Beautiful to look at but strangely hollow, Tim Burton's 2007 film adaption of SWEENEY TODD: THE DEMON BARBER OF FLEET STREET is a bloody, hyper-stylized, gorgeous movie.

Johnny Depp stars as Benjamin Barker, a talented young barber with a beautiful wife and baby daughter. The couple wanders among the 19th century London streets, full of happiness.

When evil Judge Turpin (Alan Rickman) decides he wants Barker's wife for himself, he jails Benjamin on a bogus charge for 15 years and takes the wife and baby for himself.

Flash forward 15 years to a weathered, tortured and angry Barker sailing back into London, ready for a bloodbath of revenge against those that have wronged him.

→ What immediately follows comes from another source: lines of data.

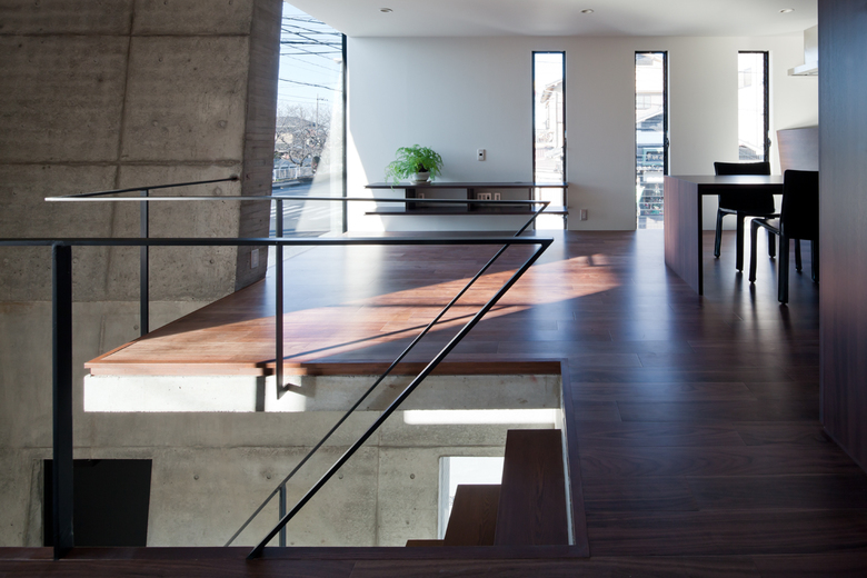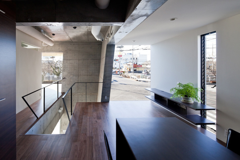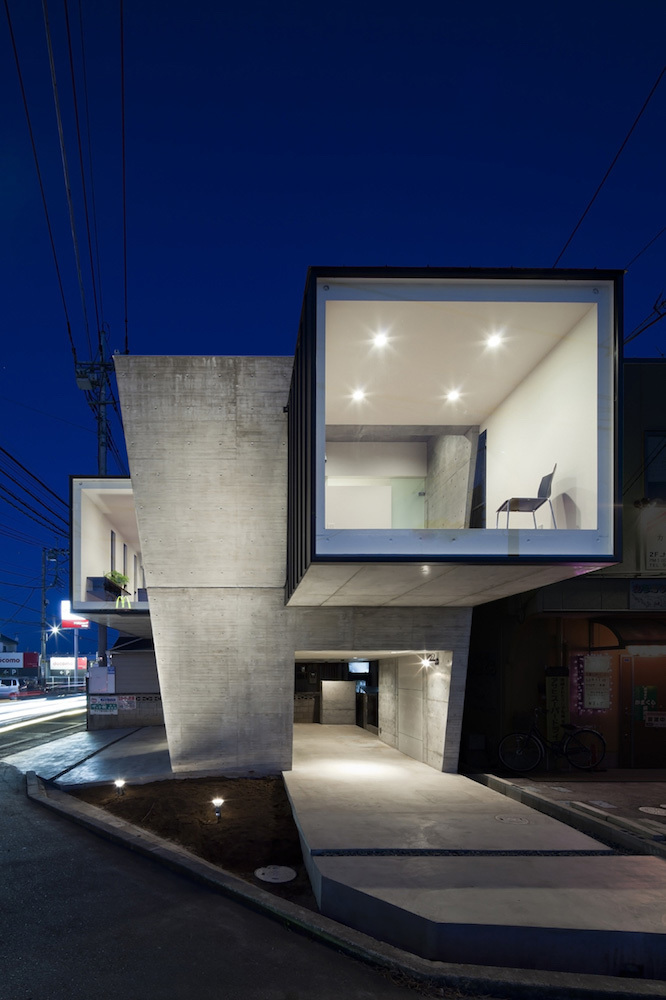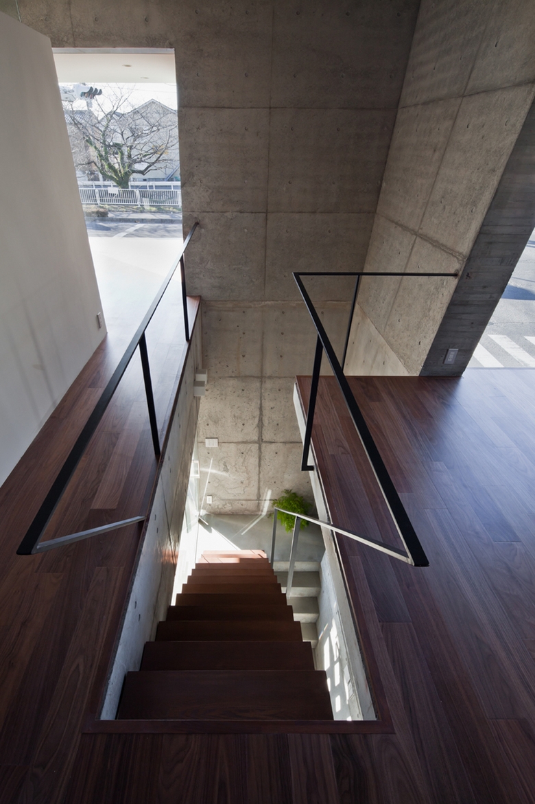 1Fをピロティー・2Fを居室とした鉄筋コンクリートと木造の混構造によって、交差点の大きなスケール感に負けないスカルプチュアルな造形を持つ建築を目指した.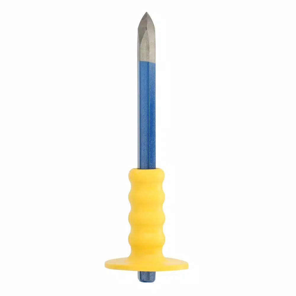 The Dasco Pro 3/4 in. x 12 in. Concrete Chisel is designed to break up concrete floors, sidewalks and paving slabs when an air hammer would be impractical. The target guard provides protection for your hand from glancing blows and missed hits. Meets or exceeds ANSI standards. Made in the USA.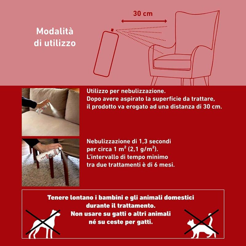 Arricchito con Permetrina e S-metoprene, elimina pulci adulte, larve di pulci e zecche e può essere applicato su mobili non lavabili e tessili per la casa, come tappeti, stuoie, poltrone, cucce, interni auto, etc.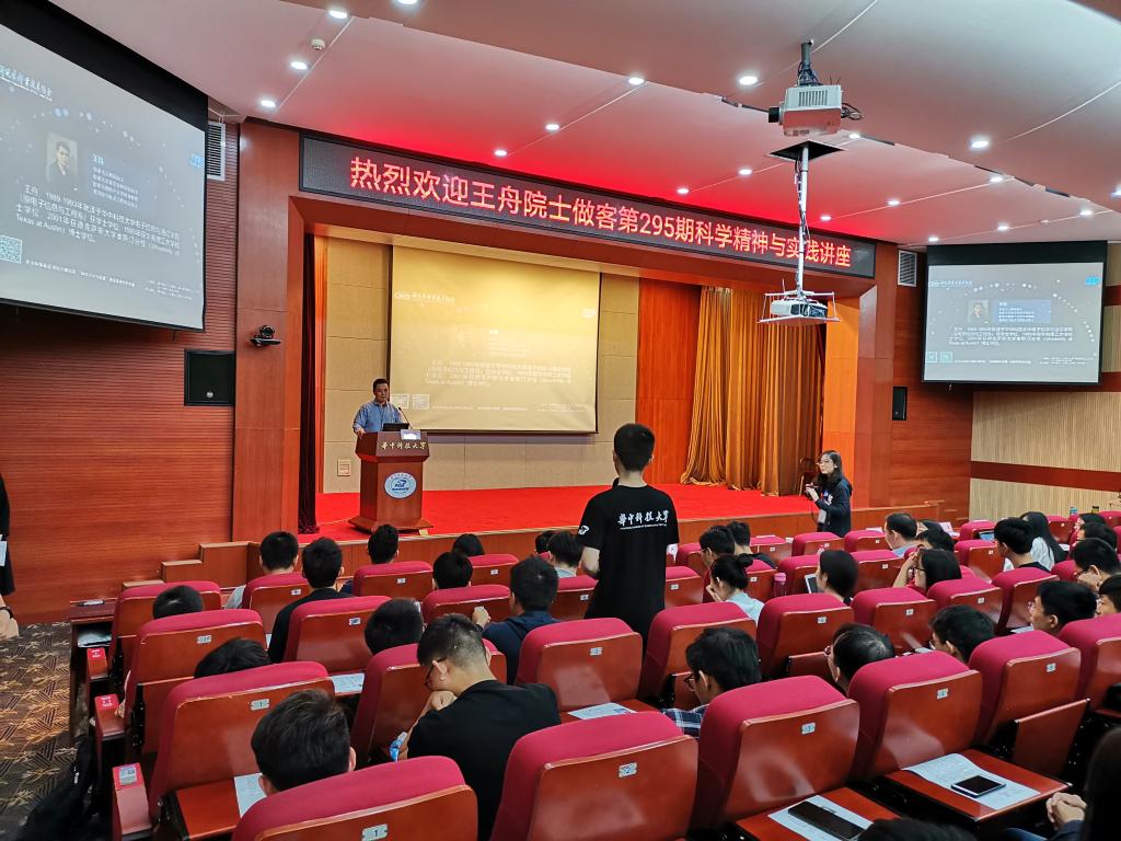 授聘仪式后,王舟院士受邀做客第295期“科学精神与实践”讲座,为全校师生作了“做一个工程科学家”的主题报告。围绕这一主题,首先向大家介绍了什么是科学家,什么是工程师,从而引出了工程科学家的概念,并用特斯拉的例子让大家对工程科学家有了更深刻的理解。并寄语广大学生在学习和科研过程中要善于培养自己的学习能力,提升自己的思想高度,保持对学术界和工业界前沿动态的关注。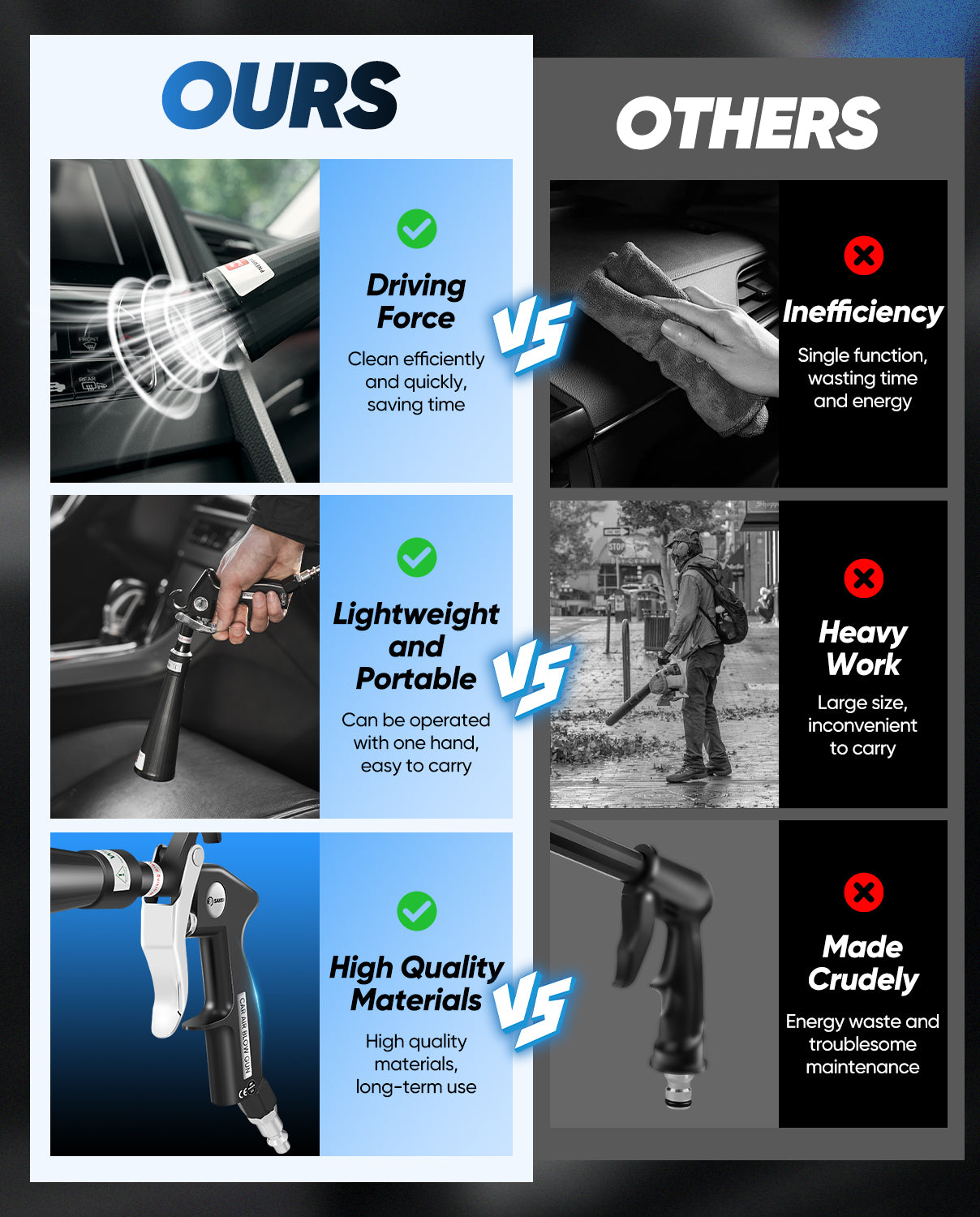 • Multi-Purpose Cleaning Tool: Suitable for cleaning household furniture, car interiors, and factory equipment, meeting various cleaning needs across different scenarios.

Taking the name Sweeney Todd, he sets up a lethal barbershop on the top floor of a meat pie shop that might be offering the worst menu of all time thanks to its demented owner Mrs. Lovett (Helena Bonham Carter).

When Todd decides the best way to get to the judge is to slit the throats of everyone in his way, the film turns into a Grand Guignol theatre of the absurd with buckets of blood splattering the windows, Todd and us.

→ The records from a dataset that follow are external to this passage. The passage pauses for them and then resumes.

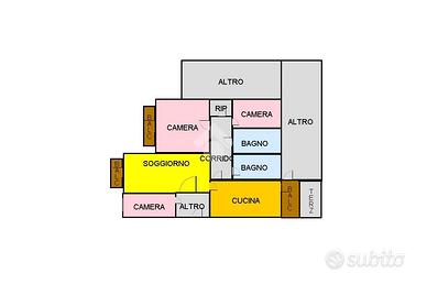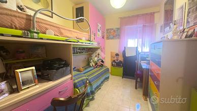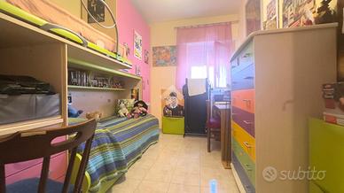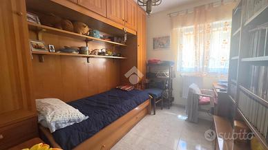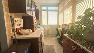 L'appartamento è composto da un ampio e luminoso soggiorno, una camera da letto, due camerette, un piccolo ripostglio, due bagni e una cucina che si apre su una piccola veranda coperta, la quale a sua volta si affaccia su un'ampia terrazza.
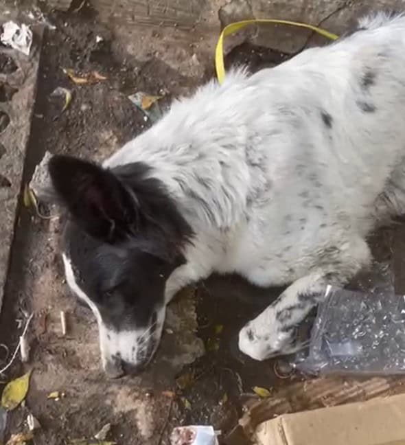 A dog lay perfectly still on the ground, as if the whole world had forgotten she existed.
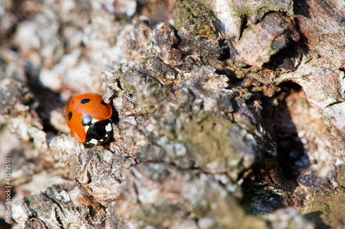 © Ivonne Wierink, Fototapeta premium Ladybug on tree trunk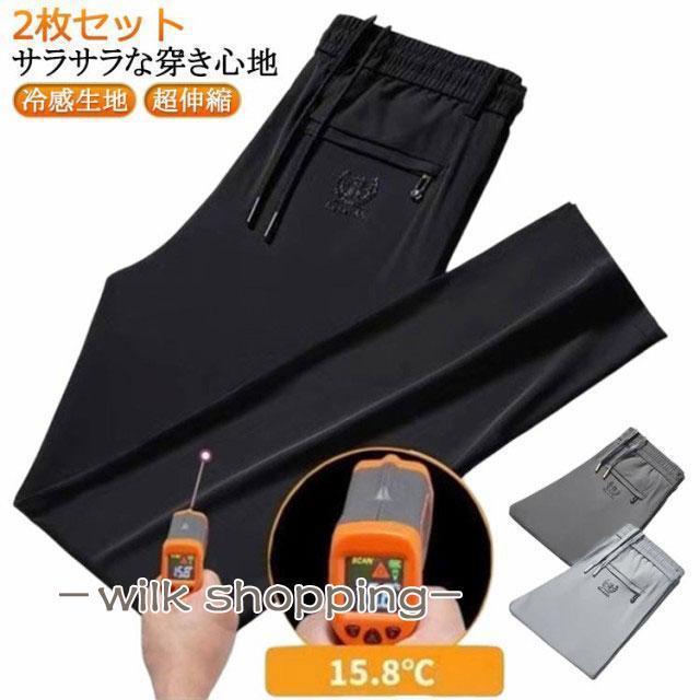 2枚セット アイスシルクパンツ 接触冷感 ロングパンツ メンズ イージーパンツ 冷感パンツ 薄手 ゴルフパンツ ウエストゴム ストレッチパンツ 伸縮性

The bodies shoot down a trap door where Mrs. Lovett is anxiously awaiting fresh ingredients for her meat pies.

The less you know about the secondary characters the better going in, but suffice to say that Todd/Barker's past has a nasty way of surfacing and doubling back on him.

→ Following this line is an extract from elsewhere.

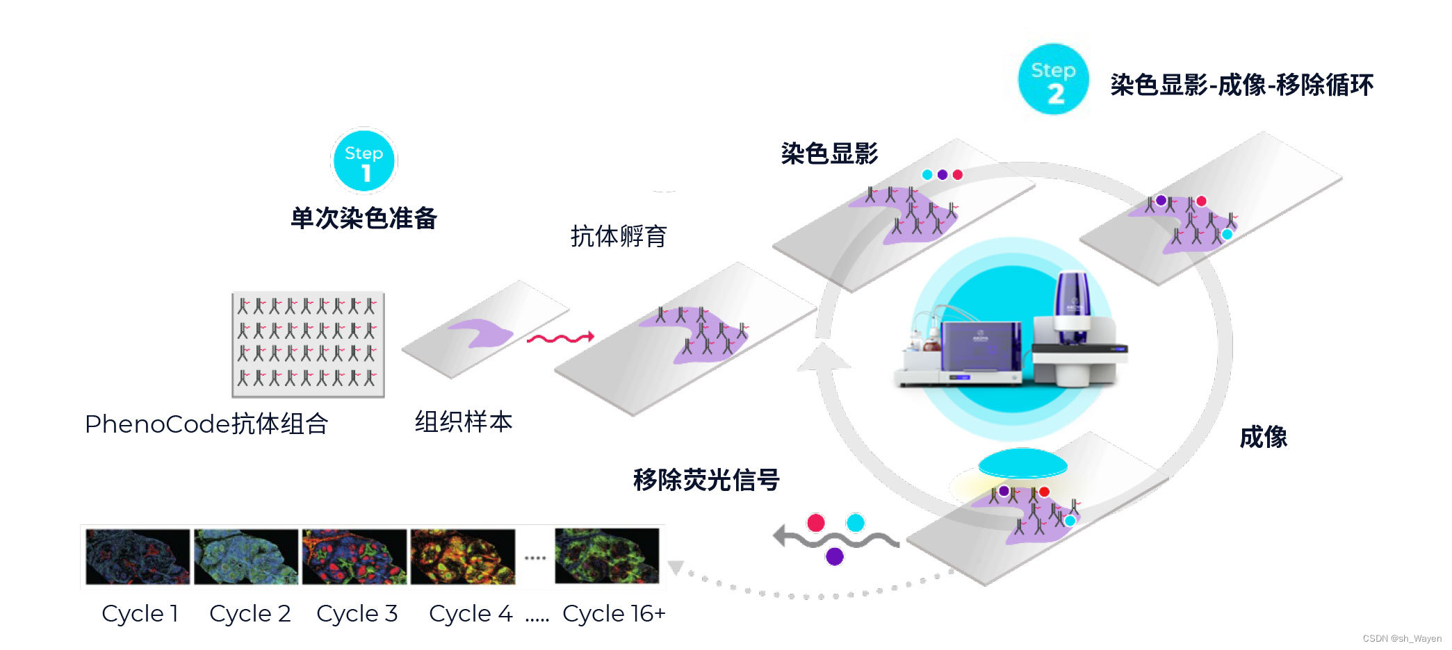 华盈生物提供服务的Akoya的PhenoCycler(原CODEX)技术平台,采用专利的DNA偶联抗体检测技术结合自动化高分辨荧光显微镜,可还原蛋白质和特定细胞在组织中的真实分布。可实现近百种蛋白质的空间原位检测。

Sacha Baron Cohen brings some fun as an arrogant Italian dentist, Timothy Spall is repulsively great as Beadle, the Judge's right hand sleaze and Jayne Wisener is strong as Todd's daughter, now grown up and trying to escape the clutches of the Judge.

Depp is very good as Todd, doing all his own singing more than adequately and bringing passion and hate to the role in equal measure.

I've never been a big fan of Helena Bonham Carter in any films she's been cast in within her husband Burton's classic films. She is a weak link here, with difficult to understand lyrics and her same quirky style she brings to virtually every role. She seems the same in EVERY movie to me.

The production design, art direction and photography are first rate and stunning to watch. Orchestrations on the sung-through score are terrific.

The music and lyrics are by Stephen Sondheim and Hugh Wheeler. Sondheim isn't a favorite. I admire some of his work, especially "Company" and "West Side Story" but I'd sooner get wisdom teeth pulled without meds than ever sit through the time sinkhole called "Into The Woods" again. Painful.

I saw Sweeney Todd on Broadway with Michael Cerveris in the title role and it was terrific. Cerveris is a legend. We saw him in "Fun Home" on Broadway last year and he's amazing.

But seeing the film adaption again, there are very few songs I care if I ever hear again. I know they're smart, clever and challenging, but for me, they just dont live outside the performance itself.

The conclusion of the story is heartbreaking and leaves you as dark as the foreboding London setting. It's powerful.

Sweeney Todd is spectacular to look at and Tim Burton fills every frame with his unique visuals, but its emotionally hollow and I found myself checking out the visual effects and settings while I was supposed to be caring about this sordid lot.

Like Mrs Lovett's pies, the film's fine to look at on the outside, but inside the story, its dark, disgusting and I definitely am not hungry for more.

Sweeney never quite sings and gets a C.